● **Study material**
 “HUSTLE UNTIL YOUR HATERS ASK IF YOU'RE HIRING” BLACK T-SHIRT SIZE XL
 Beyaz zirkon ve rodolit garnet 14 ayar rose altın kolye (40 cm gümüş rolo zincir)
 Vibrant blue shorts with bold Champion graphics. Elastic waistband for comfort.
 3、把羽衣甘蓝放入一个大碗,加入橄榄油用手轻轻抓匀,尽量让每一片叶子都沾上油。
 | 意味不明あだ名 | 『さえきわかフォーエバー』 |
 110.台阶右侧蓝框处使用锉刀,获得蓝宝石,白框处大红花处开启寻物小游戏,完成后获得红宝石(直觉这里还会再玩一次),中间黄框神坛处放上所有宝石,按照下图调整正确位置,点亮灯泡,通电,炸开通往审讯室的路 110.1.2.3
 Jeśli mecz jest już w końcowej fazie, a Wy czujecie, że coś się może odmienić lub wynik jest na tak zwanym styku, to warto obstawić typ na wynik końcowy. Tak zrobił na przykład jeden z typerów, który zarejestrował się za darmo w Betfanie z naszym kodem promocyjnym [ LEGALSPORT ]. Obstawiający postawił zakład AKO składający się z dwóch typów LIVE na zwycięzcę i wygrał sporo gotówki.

--

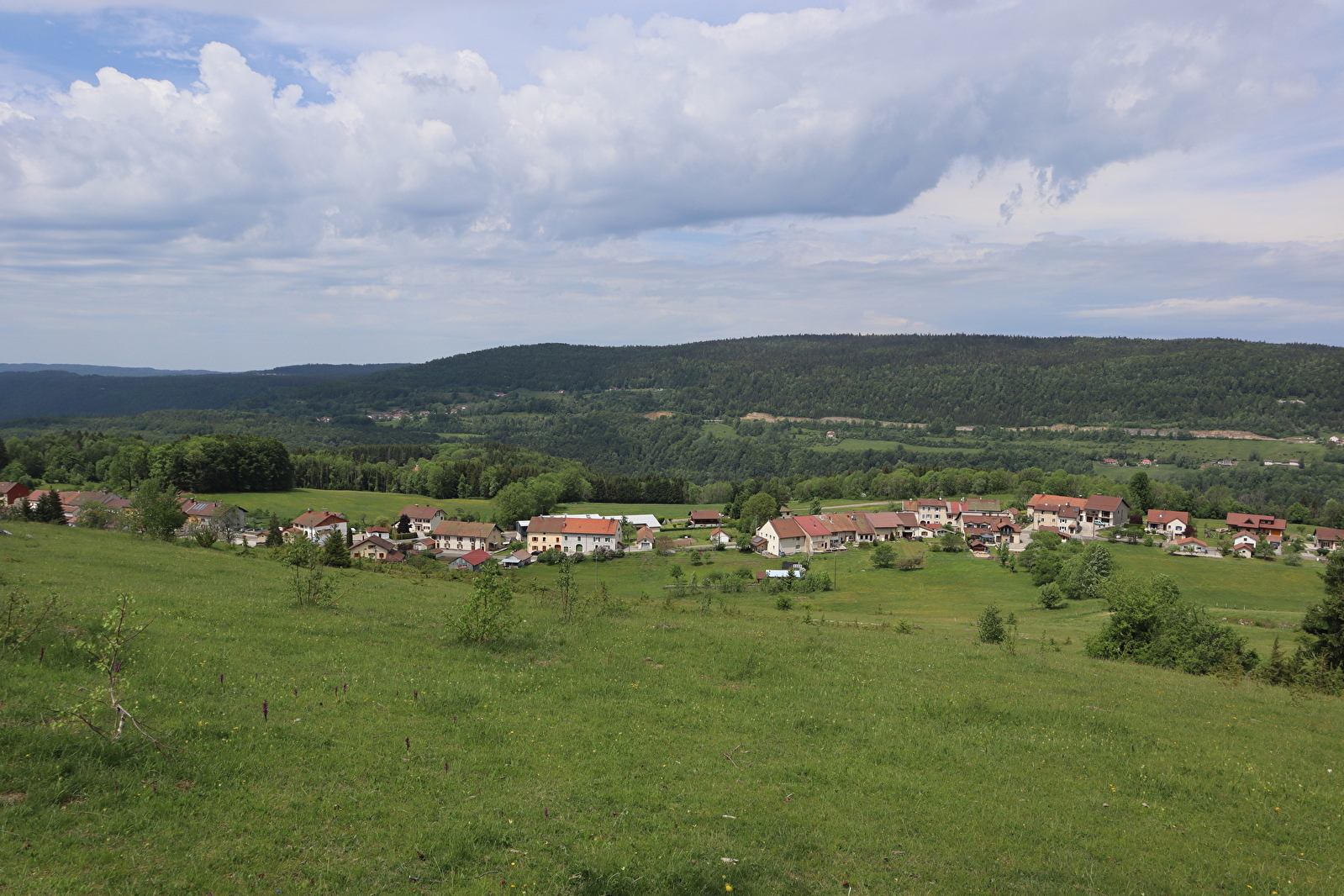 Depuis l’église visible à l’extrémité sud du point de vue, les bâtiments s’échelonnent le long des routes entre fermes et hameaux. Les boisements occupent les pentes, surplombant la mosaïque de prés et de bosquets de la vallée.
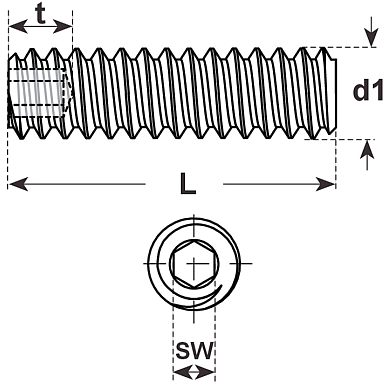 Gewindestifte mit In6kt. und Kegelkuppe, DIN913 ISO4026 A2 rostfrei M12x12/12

...

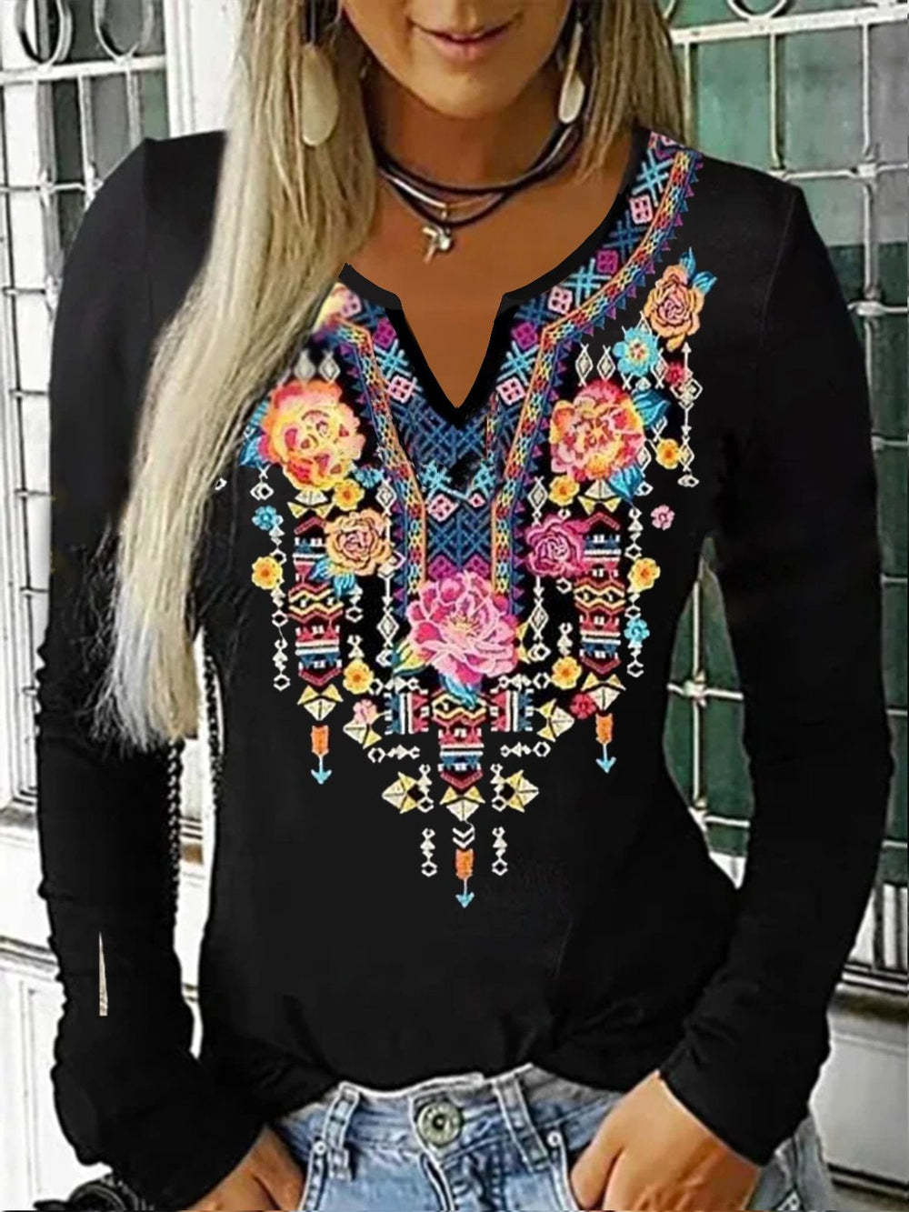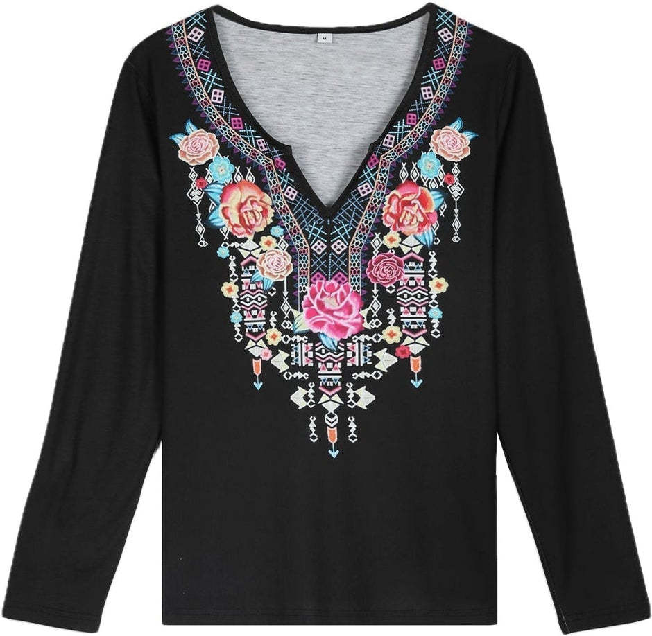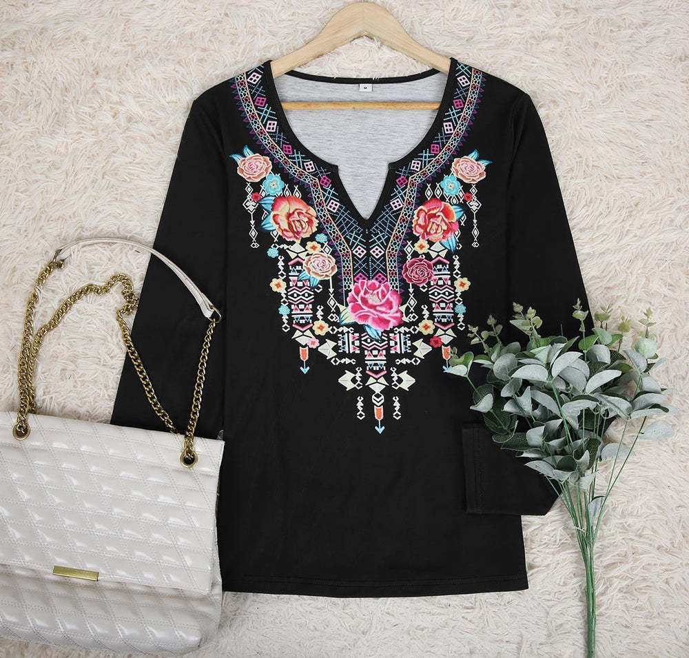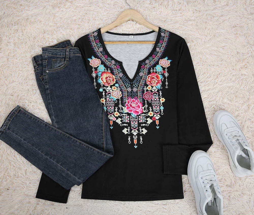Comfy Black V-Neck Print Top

● **What you will do**
Your answer should be the lines of the listing above between the line holding "3、把羽衣甘蓝放入一个大碗,加入橄榄油用手轻轻抓匀,尽量让每一片叶子都沾上油。" and the line holding "Jeśli mecz jest", inclusive, restated word for word and alone.

● **Response to this task**
 3、把羽衣甘蓝放入一个大碗,加入橄榄油用手轻轻抓匀,尽量让每一片叶子都沾上油。
 | 意味不明あだ名 | 『さえきわかフォーエバー』 |
 110.台阶右侧蓝框处使用锉刀,获得蓝宝石,白框处大红花处开启寻物小游戏,完成后获得红宝石(直觉这里还会再玩一次),中间黄框神坛处放上所有宝石,按照下图调整正确位置,点亮灯泡,通电,炸开通往审讯室的路 110.1.2.3
 Jeśli mecz jest już w końcowej fazie, a Wy czujecie, że coś się może odmienić lub wynik jest na tak zwanym styku, to warto obstawić typ na wynik końcowy. Tak zrobił na przykład jeden z typerów, który zarejestrował się za darmo w Betfanie z naszym kodem promocyjnym [ LEGALSPORT ]. Obstawiający postawił zakład AKO składający się z dwóch typów LIVE na zwycięzcę i wygrał sporo gotówki.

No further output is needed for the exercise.